Department of Engineering and Chemical Sciences, Karlstad University, SE-651 88 Karlstad, Sweden.
Department of Chemical and Process Engineering, Rzeszów University of Technology, PL-35 959 Rzeszów, Poland.
J Chromatogr A. 2023 Nov 22;1711:464446. doi: 10.1016/j.chroma.2023.464446. Epub 2023 Oct 12.
Due to their potential for gene regulation, oligonucleotides have moved into focus as one of the preferred modalities modulating currently undruggable disease-associated targets. In the course of synthesis and storage of oligonucleotides a significant number of compound-related impurities can be generated. Purification protocols and analytical methods have become crucial for the therapeutic application of any oligonucleotides, be they antisense oligonucleotides (ASOs), small interfering ribonucleic acids (siRNAs) or conjugates. Ion-pair chromatography is currently the standard method for separating and analyzing therapeutic oligonucleotides. Although mathematical modeling can improve the accuracy and efficiency of ion-pair chromatography, its application remains challenging. Simple models may not be suitable to treat advanced single molecules, while complex models are still inefficient for industrial oligonucleotide optimization processes. Therefore, fundamental research to improve the accuracy and simplicity of mathematical models in ion-pair chromatography is still a necessity. In this study, we predict overloaded concentration profiles of oligonucleotides in ion-pair chromatography and compare relatively simple and more advanced predictive models. The experimental system consists of a traditional C18 column using (dibutyl)amine as the ion-pair reagent and acetonitrile as organic modifier. The models were built and tested based on three crude 16-mer oligonucleotides with varying degrees of phosphorothioation, as well as their respective n - 1 and (P = O) impurities. In short, the proposed models were suitable to predict the overloaded concentration profiles for different slopes of the organic modifier gradient and column load.

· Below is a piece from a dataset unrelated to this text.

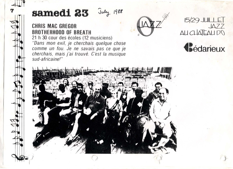 - Photocopied flier for the Festival Jazz au Chateau d'O in Bédarieux, France. The festival was held from the 15th to 29th July 1988. There is a citation from Chris McGregor written in French: "In my exile I was looking for something like a crazy man. I didn't know what i was looking for, but I found it. This is the music from South Africa!". There are 2 pictures. In the front page a photo of the band Brotherhood of Breath and on the back page 11 small photos of the members of the band.

由于其在基因调控方面的潜力,寡核苷酸已成为调节目前无法成药的疾病相关靶标的首选模式之一。在寡核苷酸的合成和储存过程中,会产生大量与化合物相关的杂质。对于任何寡核苷酸的治疗应用,无论是反义寡核苷酸(ASO)、小干扰 RNA(siRNA)还是缀合物,纯化方案和分析方法都变得至关重要。离子对色谱法目前是分离和分析治疗性寡核苷酸的标准方法。尽管数学建模可以提高离子对色谱法的准确性和效率,但它的应用仍然具有挑战性。简单的模型可能不适合处理先进的单分子,而复杂的模型对于工业寡核苷酸的优化过程仍然效率低下。因此,改善离子对色谱法中数学模型的准确性和简单性的基础研究仍然是必要的。在这项研究中,我们预测了离子对色谱中寡核苷酸的过载浓度分布,并比较了相对简单和更先进的预测模型。实验系统由使用(二丁基)胺作为离子对试剂和乙腈作为有机溶剂改性剂的传统 C18 柱组成。该模型是基于三种不同程度硫代磷酸化的 16 聚体寡核苷酸以及它们各自的 n-1 和(P=O)杂质构建和测试的。简而言之,所提出的模型适合于预测不同有机改性剂梯度斜率和柱负荷的过载浓度分布。